Sigma 135mm f/1.8 DG HSM Art Aperture Series: Pescadero Creek(Nikon D810)
Get Sigma 135mm f/1.8 DG HSM Art at B&H Photo.
This series looks at the entire aperture range from f/1.8 through f/16. Of interest are peak micro contrast at f/1.8 as well as how well f/11 and f/16 hold up with diffraction mitigating sharpening.
In my review of the Sigma 135mm f/1.8 DG HSM Art in Advanced DSLR:
Sigma 135mm f/1.8 DG HSM Art Aperture Series: Pescadero Creek (Nikon D810)
Includes images up to full resolution from f/1.8 through f/16. Diffraction effects are evaluated and shown with/without diffraction mitigating sharpening.
This series and the American Hotel wail in protest for a 72 megapixel Nikon D900. I speak not of just resolution per se (surely a shortcoming of the D810), but also of sidestepping color aliasing and spurious resolution and color purity and similar digital limitations of a Bayer sensor that result when using extremely high quality lenses (presuming that resolution is only resolution is an fundamental conceptual error—see oversampling).
The about $1399 price for the Sigma 135mm f/1.8 is a screaming deal that awaits a higher-resolution Nikon camera body. Were Leica to ship this lens, Leica fanboys would rave about it and it would cost $8000. The performance here is better than any Leica M APO lens in resolving power and vastly better in terms of color correction. How Sigma can give make a lens this good at this price is surely intimidating to other companies.
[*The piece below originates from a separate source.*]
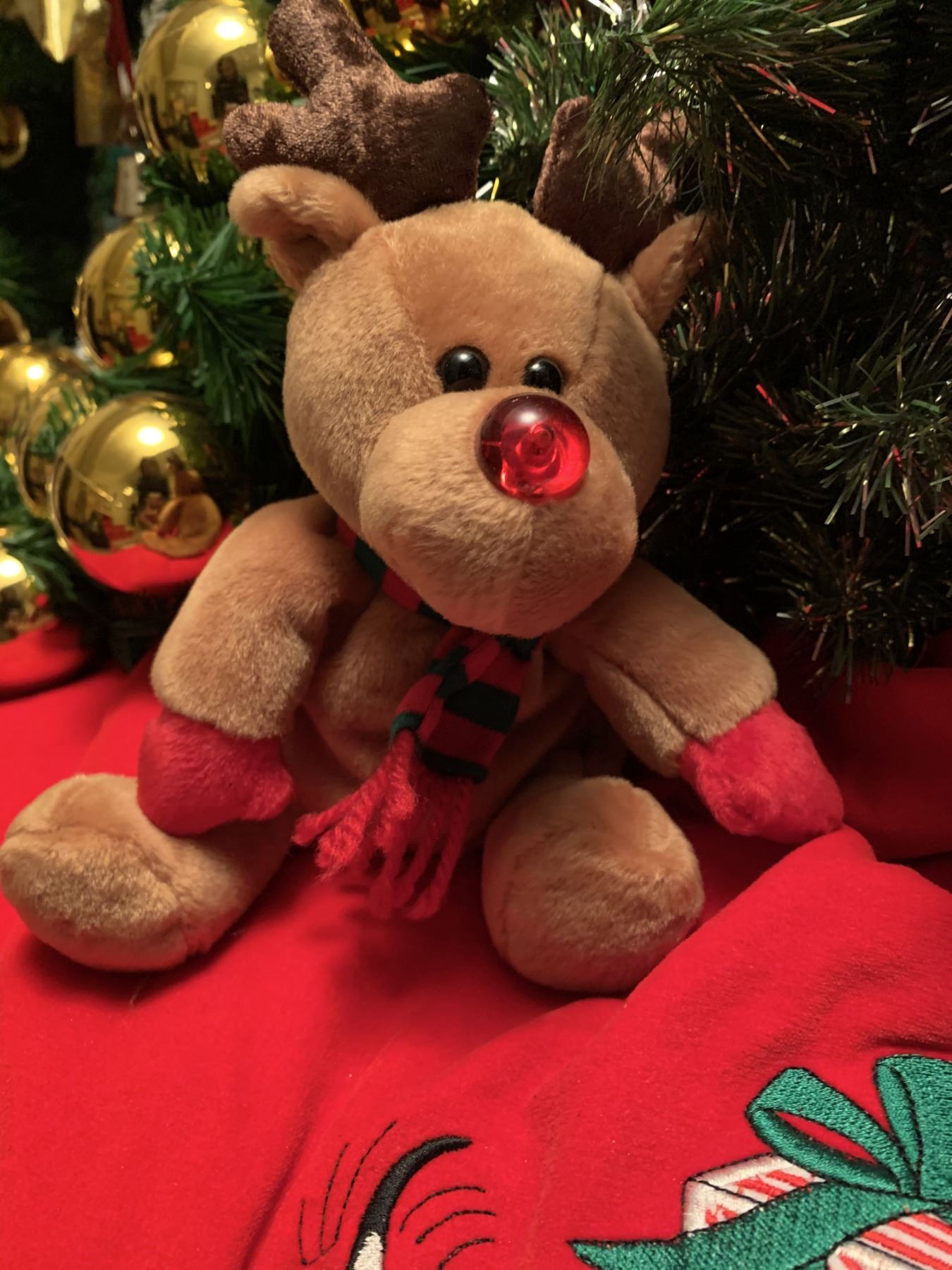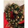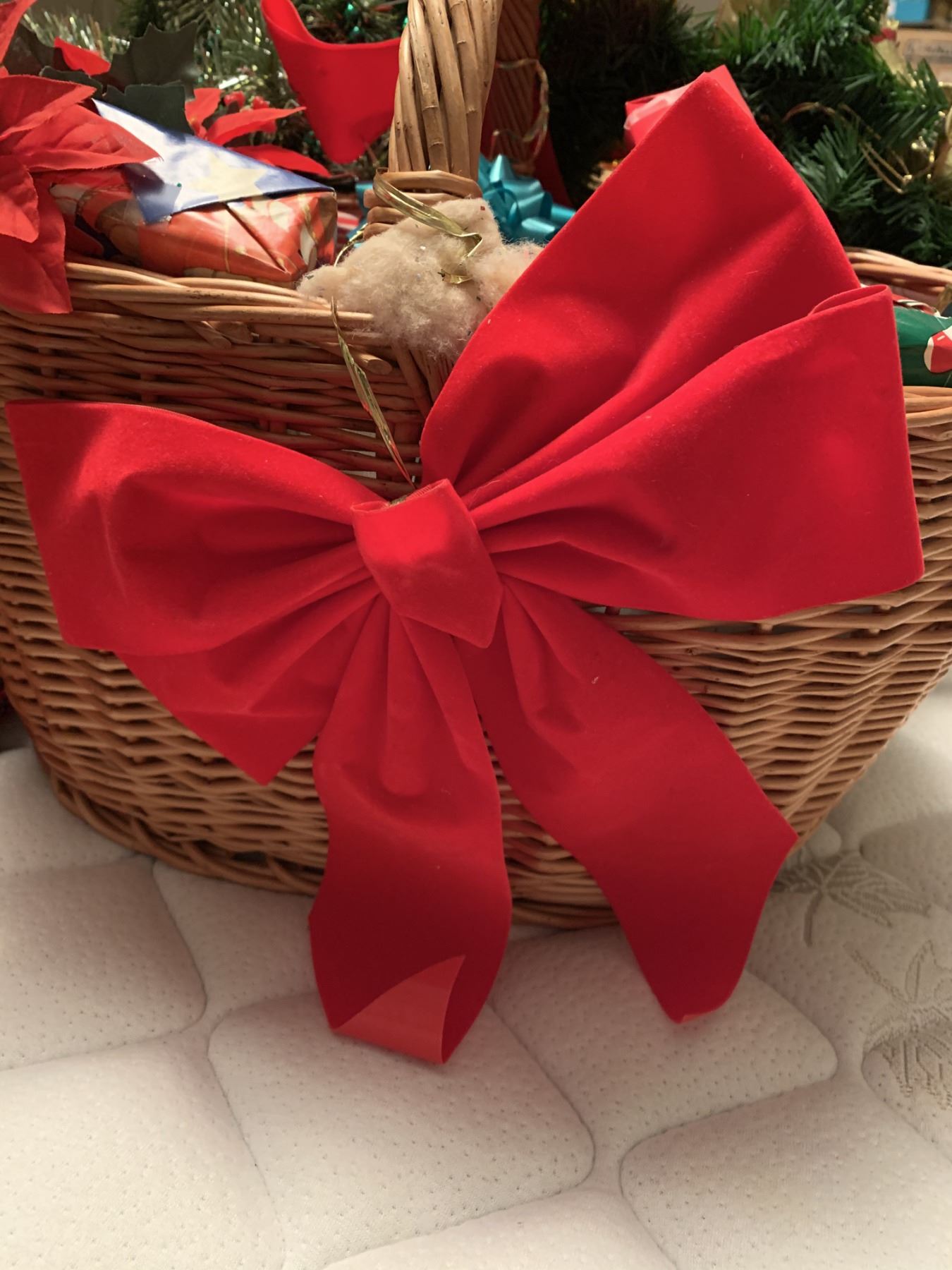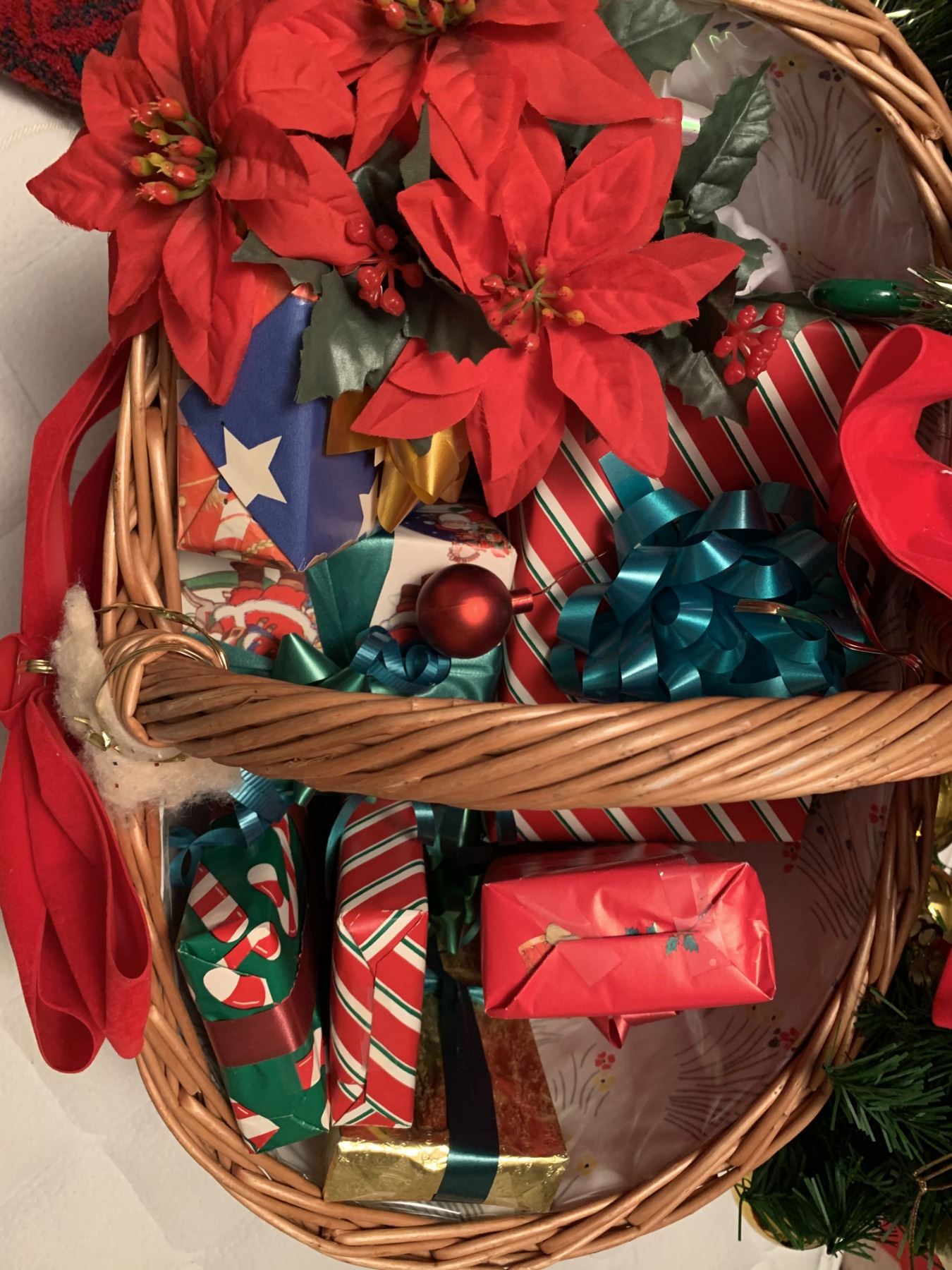 Adorable Disney tree skirt, 2x NOEL X-mas Towels, Decorative basket with beautiful red bow: filled with "mini gifts" (NOT REAL GIFTS JUST DECOR), 1x Christmas reef adorned with gold ornaments

Together with the Nikon 70-200mm f/2.8E FL ED VR (the zoom that looks like medium format in its rendering), we seem to be in a golden age for DSLR lenses, so much so that I question my Sony mirrorless inclinations, particularly if Nikon delivers a D820 or whatever it will be with higher resolution and at least as good dynamic range and per-pixel quality—and an EVF option in the hot shoe would seal the deal.